Records contained in a dataset
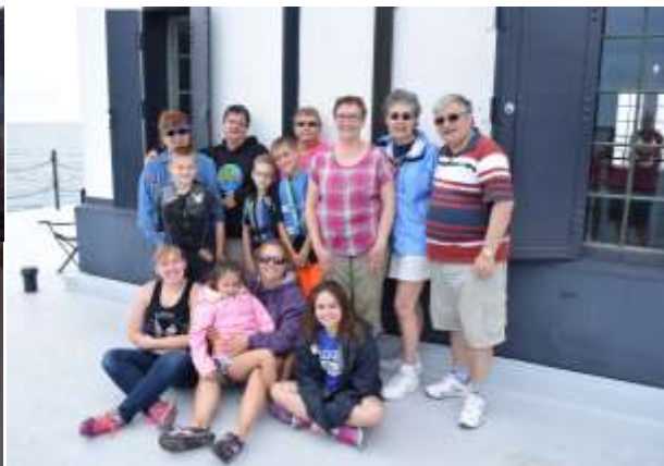
The Method Clan gathered between tours for a photo. Family came from far and wide—Alaska, Brazil and throughout the Midwest.

Over Labor Day weekend, 32 of some of the closest members of my huge extended family gathered on Drummond Island. Thirteen of us were able to tour the DeTour Reef Light.
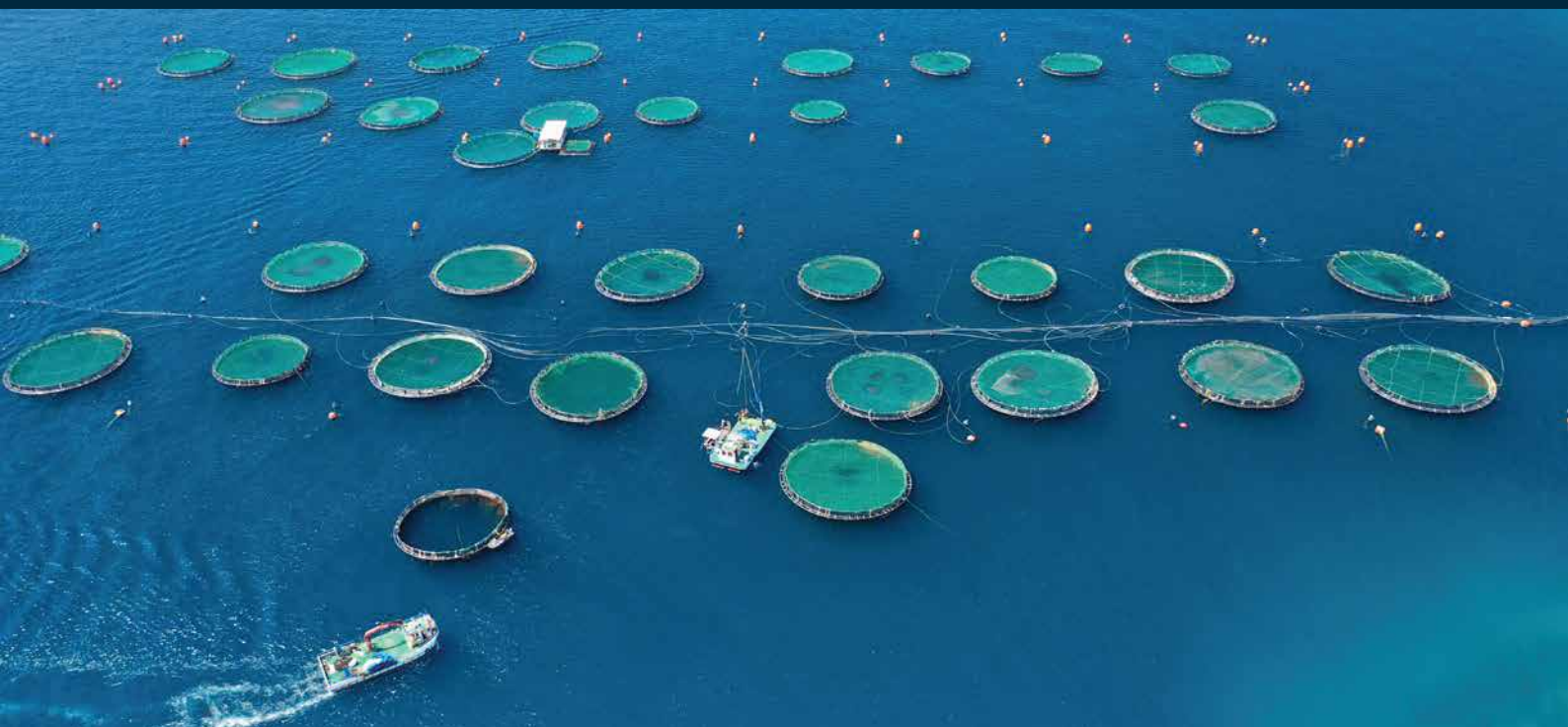
Fish farms off the Tunisian coast
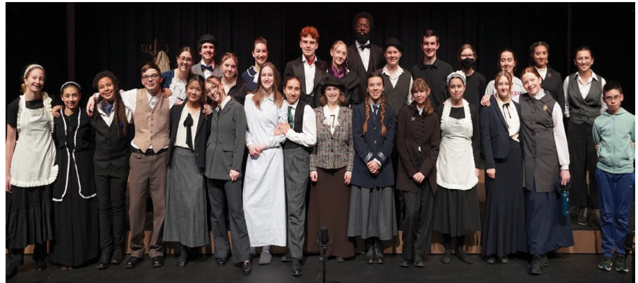
Sherlock cast and crew.

And the show would never happen without a very large group of students and faculty who were the behind the scenes technicians, costumers, prop finders, production assistants and stage managers. Well done!
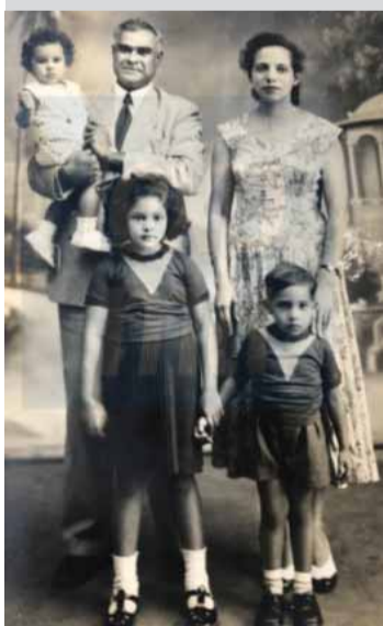
From the family album, picture of the parents with the young children
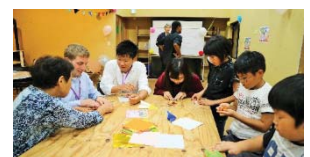
Rikuzentakata Global Campus
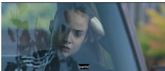
(Figure 6. April felt sad and disappointed because what she got didn't match her expectations)

The statement above is an emotional aspect, the main character is sad because she feels she has messed up her father's store and failed to achieve her dream.
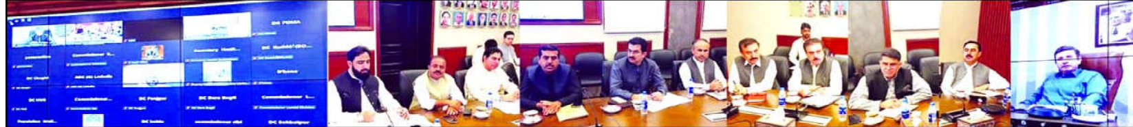
QUETTA: Chief Secretary Balochistan Shakeel Qadir Khan addressing Divisional Commissioners and Deputy Commissioners Conference
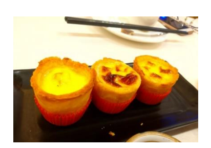
Figure 20(h). Daahn taat .
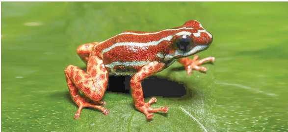
This tiny but exquisite new-to-science frog species was found in a remote Brazilian rainforest.

Unlike larger, high-profile wildlife crimes, insect smuggling is harder to detect and is often overlooked by law enforcement despite its global reach.
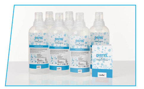
1LITRE DISTEL DOSING SYSTEM DOSING BOTTLES CCH050301

1x1Litre Bottle of Concentrate -1x5ml Dosing Head 1x Working Solution Bottle Label
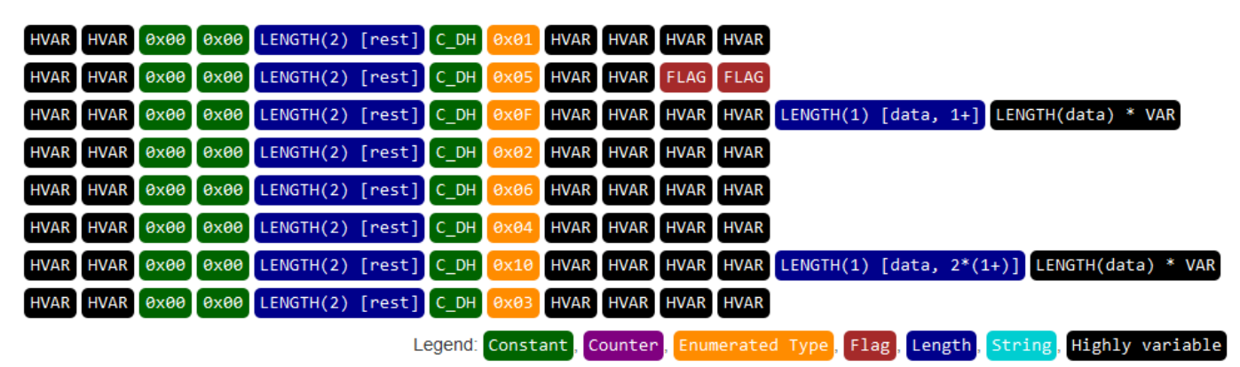
Figure 3. A model of Modbus requests, built based on the true specification. To be interpreted in the same way as Figure 2.
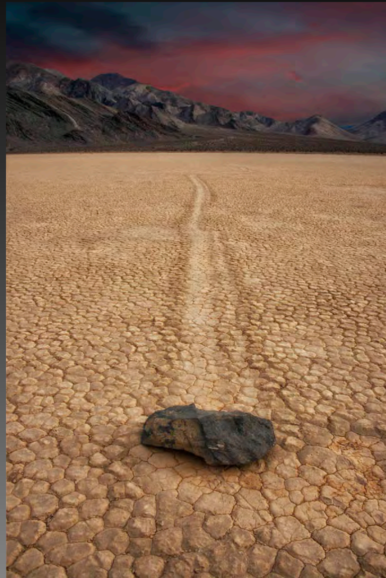
'RACETRACK ROCK' BY BILL WIGHT (Honor Award)
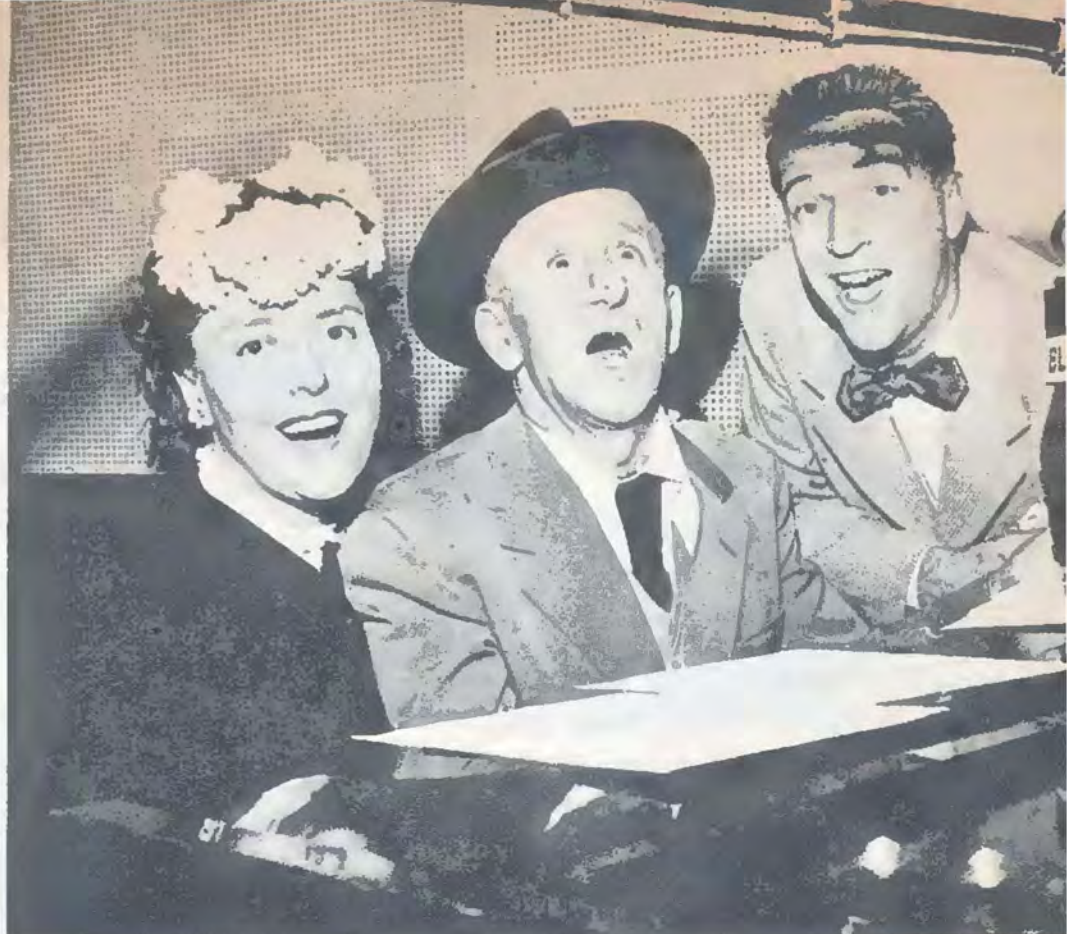
▲ A LOT OF HIGH notes were reached the night Jimmy Durante and Garry Moore paid Evelyn's ABC Network show a visit. Too bad the Durante-Moore-Bigsby antics weren't recorded for television.

But not the editor of Radio Life Magazine. No sir! Despite the fact that the presses, each week, roll out this magazine with all the punch and precision symbolic of such com-
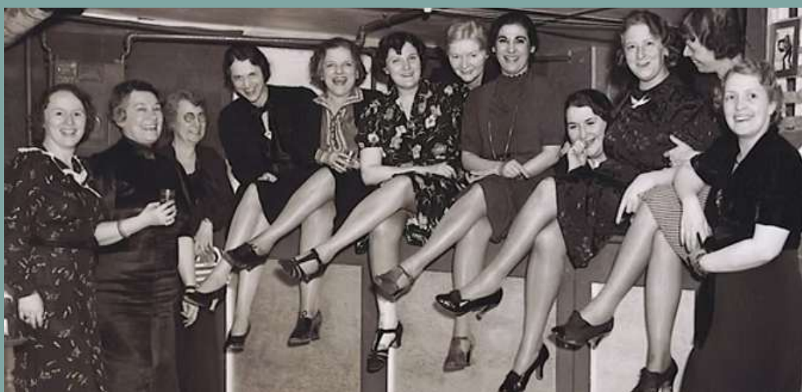
Original members of the club in 1937

Hanoi Vientiane Phnompenh Kathmandu Tashkent Dubai Astana Yangon Ulaanbaatar Male

→ **Problem details**
Work out how many lines above have the string "Figure" in them, and give only the number.

→ **Problem solution**
3